Drug activity on federal lands here is focused on growing marijuana at remote sites in rugged terrain, far from public view, Love added. The growers are interested in guarding their plants rather than doing battle over smuggling routes.
"There are no 'hot zones' per se," added Sue Thomas, U.S. Drug Enforcement Administration supervisory special agent.
"But there absolutely is a danger to the public when you have armed drug traffickers protecting their crops."
To date, the most serious incident happened in 2010 in Garfield County, Thomas said. A grower left his grow site after a dispute with fellow workers and encountered a group of teenage girls in a recreation area. The grower pointed his sawed-off shotgun at the girls and demanded their cellphones.
The girls feared for their lives, Thomas said. They felt the only reason the man didn't shoot them is because there were too many girls, and he didn't have enough ammunition.
"It's not a huge issue, but it certainly could be a catastrophe that is waiting to happen," she said of the backcountry danger.

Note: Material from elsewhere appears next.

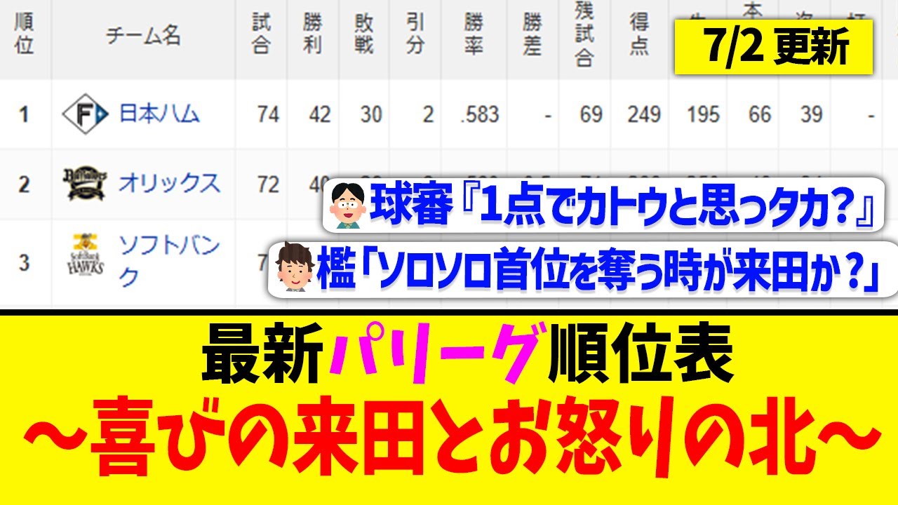 【7月2日】最新パリーグ順位表 〜喜びの来田とお怒りの北〜

Marijuana grow sites have been concentrated in the south and central parts of the state, particularly in Iron, Washington and Beaver counties, Thomas said. Their relative proximity to the I-15 corridor is no coincidence, she added.
The freeway provides a convenient route from Utah grow sites to the California organizations that run them using undocumented laborers recruited out of the Las Vegas area, she said.
No Utah residents or persons in the U.S. legally have been arrested in recent grow-site eradication operations in Utah, she added.
Other Utah counties that have had known cartel-related marijuana gardens include Kane, Sevier, Garfield and Wayne counties.
Visitors to Utah's backcountry can protect themselves by sticking to established roads and trails and being aware of tell-tale signs of the operations, especially black irrigation piping running along creek beds and near other perennial water sources.
Those irrigation systems can sometimes run for miles across public lands, diverting water to the marijuana gardens.
"We strongly recommend that you look first for the piping," Love said. "There's a ton of it out there."
Other signs to watch out for: vegetation that has been cleared and piled up, makeshift kitchens, propane tanks (used for preparing food), trash, and fertilizer bags or car batteries — which growers use to charge cellphones.
What should members of the public do when they come across these items in the backcountry?
"Back out quietly and immediately the exact way you came in," Thomas advised. If possible, mark the location by GPS or by noting natural landmarks, she said. "Leave quickly and quietly and contact law enforcement."
With concentrated law enforcement efforts, major marijuana growing activity in Utah may be on the decline, she said. In 2010, 106,000 plants were seized; in 2011, 78,000.
"My hope is they just pack up and leave the state," Thomas said. But the new growing season starts in a few weeks. "You never know what an eradication year is going to bring."